Key takeaways: - Cold-start solved by synthesizing CoT traces from strong models; the real work is domain coverage and cross-validation filtering. - 9K curated samples let a 4B model approach models 50x+ its size. Data engineering beats data volume. - Fully automated and reproducible, lowering the barrier to reasoning training.


02 Architecture Attention Steering Is Finally Production-Ready

FlashAttention saves memory by skipping the full attention matrix. That same shortcut blocks every steering method that needs to touch it.
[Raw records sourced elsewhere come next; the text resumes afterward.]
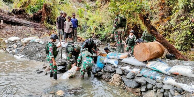 NDUGA – bedanews.com – Satgas Yonif Raider 321/GT/13/1 Kostrad bersama warga bergotong royong membangun jembatan yang merupakan akses utama masyarakat di Distrik Dal, Kabupaten Nduga, Papua.
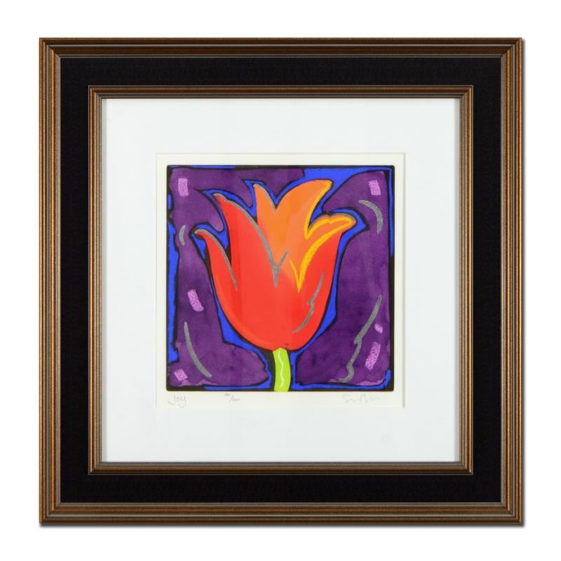 "Joy" is a hand colored limited edition etching on rag paper by Simon Bull, numbered and hand signed by the artist. Includes Letter of Authenticity. Measures approx. 24.5" x 24.5" (framed), 12" x 12" (image). There is minor wear on the corners and edges of the frame.
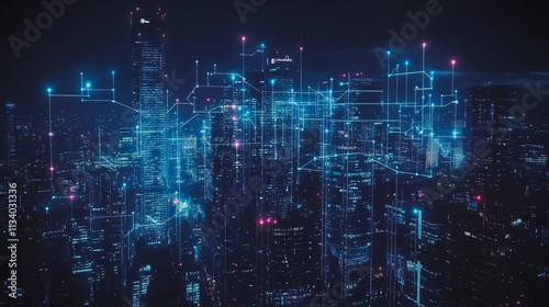 Smart digital Innovation city with connection network reciprocity over the cityscape. of future smart wireless digital city and social media networking systems that connects people with in city
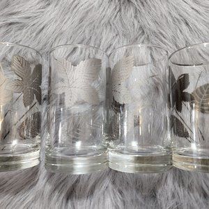 1960's Mid Century Modern Glassware Silver Foliage Highball Tumblers
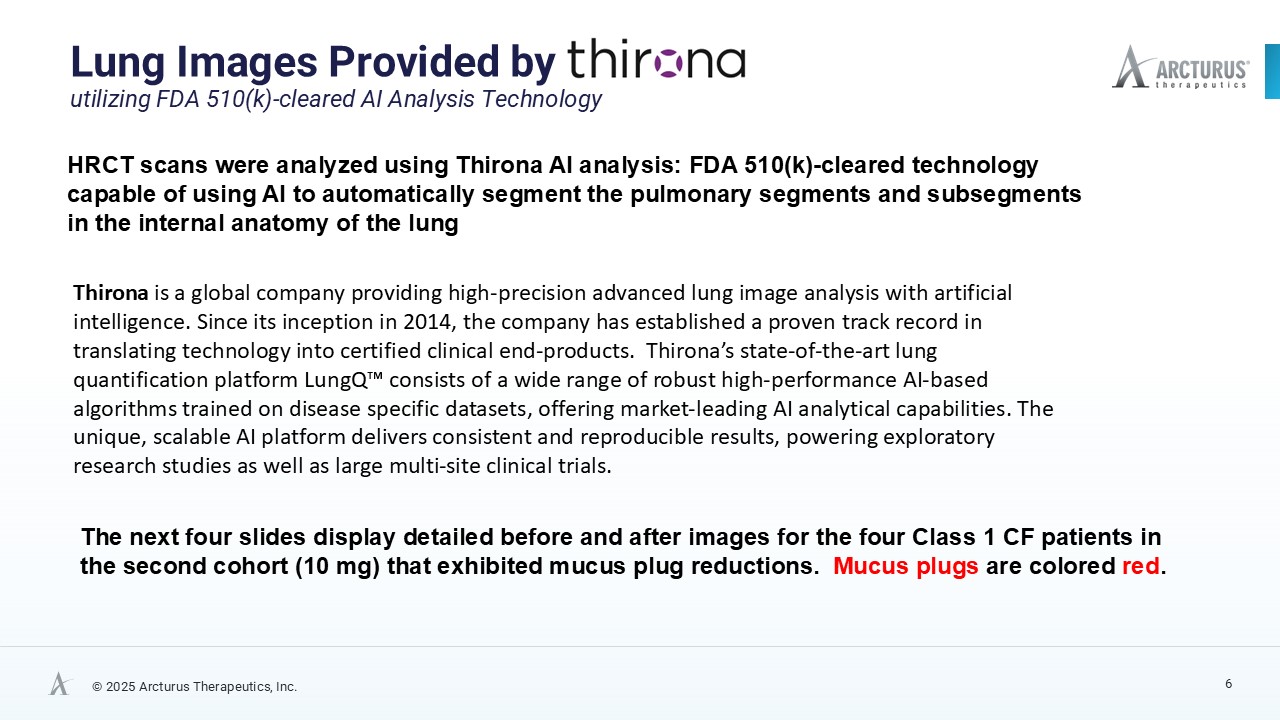 High resolution computed tomography (HRCT) scans, analyzed using FDA 501(k)-cleared AI technology from Thirona, revealed reductions in mucus burden in four of six Class I CF participants. Decrease in mucus plugs and mucus volume in four of six Class I CF participants is a meaningful trend indicative of ARCT-032 therapeutic activity. Before and after HRCT scan images of the four subjects that exhibited mucus plug reduction are available on Arcturus’ website.

Directing a model's focus to specific tokens (highlighting key instructions, emphasizing context passages) works in research but has never been deployable.
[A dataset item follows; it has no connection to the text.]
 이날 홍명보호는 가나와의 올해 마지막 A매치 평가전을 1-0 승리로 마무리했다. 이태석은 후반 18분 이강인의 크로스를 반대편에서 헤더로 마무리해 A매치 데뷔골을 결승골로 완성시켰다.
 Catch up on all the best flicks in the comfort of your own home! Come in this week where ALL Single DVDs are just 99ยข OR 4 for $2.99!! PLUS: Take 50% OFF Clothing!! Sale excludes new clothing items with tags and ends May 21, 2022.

SEKA takes a different route: spectral decomposition on key embeddings in the frequency domain, amplifying latent directions for target tokens. Same effect, full compatibility with efficient inference. AdaSEKA goes further by dynamically combining expert subspaces based on prompt semantics, auto-selecting steering strategies per intent. Training-free, negligible added latency, minimal memory overhead. Accepted at ICLR.

Key takeaways: - Existing attention steering methods require the full attention matrix, making them incompatible with FlashAttention and stuck in research. - SEKA edits key embeddings in the frequency domain, bypassing this constraint with zero training and negligible overhead. - Teams working on prompt controllability and model guidance now have a deployable solution.


03 Multimodal Foundation Models Already Know Camera Poses

Large-scale visual geometry models like VGGT encode strong 3D geometric priors in their internal features. VGGT-Det extracts these priors through two modules: one initializes detection queries from VGGT's attention maps using semantic information, the other aggregates geometric features across layers to lift 2D information into 3D.

This eliminates multi-view 3D detection's hard dependency on precise camera calibration. On ScanNet and ARKitScenes in calibration-free settings, it beats the previous best by 4.4 and 8.6 mAP@0.25 respectively. Accepted at CVPR. Skip calibration pipelines; extract geometry from foundation models instead.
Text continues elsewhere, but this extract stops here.